Curry has come up even more squarely in the player empowerment era than Duncan and yet he’s had the same steadfast dedication to his team. The Warriors have built a very family oriented atmosphere, where the kids are allowed to run around, hang out, and grow up together. The players and coaches certainly have their differences, mostly stemming from Draymond Green, but the fact that they’ve been able to stick together this long in this day and age is a true testament to the man at the center of it all.
Nikola Jokic
Jokic has almost all the tools you’d want in an NBA player - he’s 7 feet tall, unbelievably coordinated, hardworking, brilliant, and creative. He’s just not super athletic. You’re never going to see him blow by anyone off the dribble, jump over someone for a dunk, or sky for a rebound over Giannis. But therein lies his super power. Jokic knows he can’t do any of those things so he never tries them, and he has all the skills to do literally everything else there is to do on a basketball court.
If your team is going against the Nuggets, you can expect:
A barrage of hook shots from the center of the paint.
Weird floaters banking off the top of the glass and going in.
The most unexpected passes you’ve ever seen done so casually that you might not even recognize how mind blowingly difficult they are.
Your team is probably going to lose
I’m beating a dead horse here, but in the same way that Russell, Magic, Duncan, and Curry’s ability to make the right basketball play inspires their teammates to put forth their best efforts, Jokic may be the greatest of all-time in that specific regard.
The world fell in love with Jokic after the Nuggets won the NBA Championship in 2023 and all he wanted to do was go home to Serbia to be with his family and his horses. He hilariously got upset when he found out he had to stay in America a couple extra days to attend the parade, and then subsequently got super drunk at the parade and proclaimed his love for parade.
These players have a lot in common with other NBA greats. They’re hypercompetitive, dedicated, singular athletes.
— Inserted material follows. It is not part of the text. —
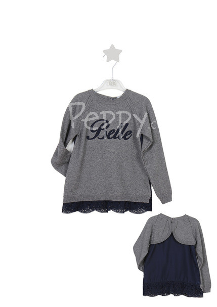 НОВИНКА! Стильный, теплый, нарядный свитер для девочки из новой осенней коллекции Dr.Kid. Декоративная отделка –аппликация, кружево, имитация нижней блузки. Цвет: кофта - серый, блузка - синий. Состав: 15% шерсть, 85% хлопок. Произведено в Португалии.

What really makes them unique is where they place their priorities on and off the court. They value family, community, hard work, and integrity and as a result the winning culture follows springs forth inherently.
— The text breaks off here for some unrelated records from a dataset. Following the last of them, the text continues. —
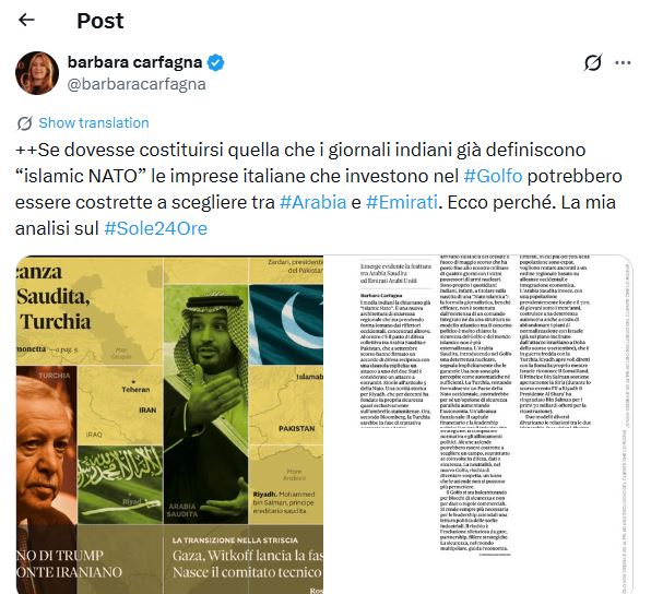 I Paesi islamici, racconta un articolo di Barbara Carfagna sul Sole, parlano di questo assetto come di una sorta di Islamic Nato. Con la Turchia – formalmente Paese della Nato vera – a giocare con un piede in due scarpe, e l’India costretta a guardare con qualche preoccupazione ai nuovi equilibri del quadrante, che mettono pure in discussione il Corridoio IMEC (India, Medio Oriente, Europa).
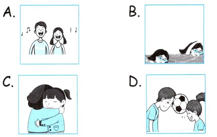 (一)依次序号:CDAB(二)hug—拥抱;play—玩耍;sing—唱歌;swim—游泳
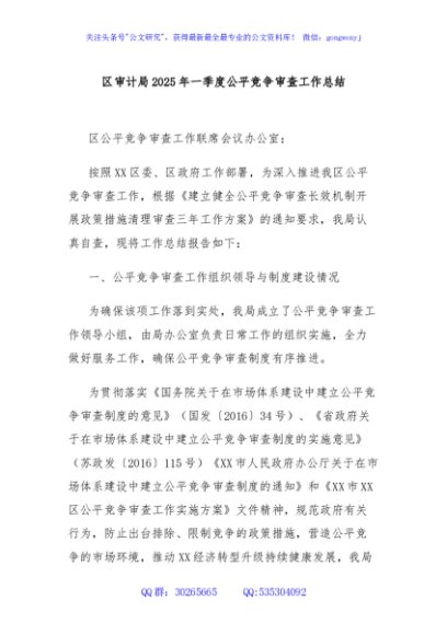 / 区审计局2025年一季度公平竞争审查工作总结

This list includes 26 championships, with two players still hoping to add to their count. More importantly, they leave behind legacies of deep respect and fondness. I dare you to find someone (outside the NBA memes comment section) who will say a bad word beyond “I hate that guy, he beat my team” about one of these guys. I dare you to find a teammate, coach, or GM who complains them. If you do find someone hating on Russell, Magic, Duncan, Curry, or Jokic, it will probably make my point clearer to you than these 2500 words ever could.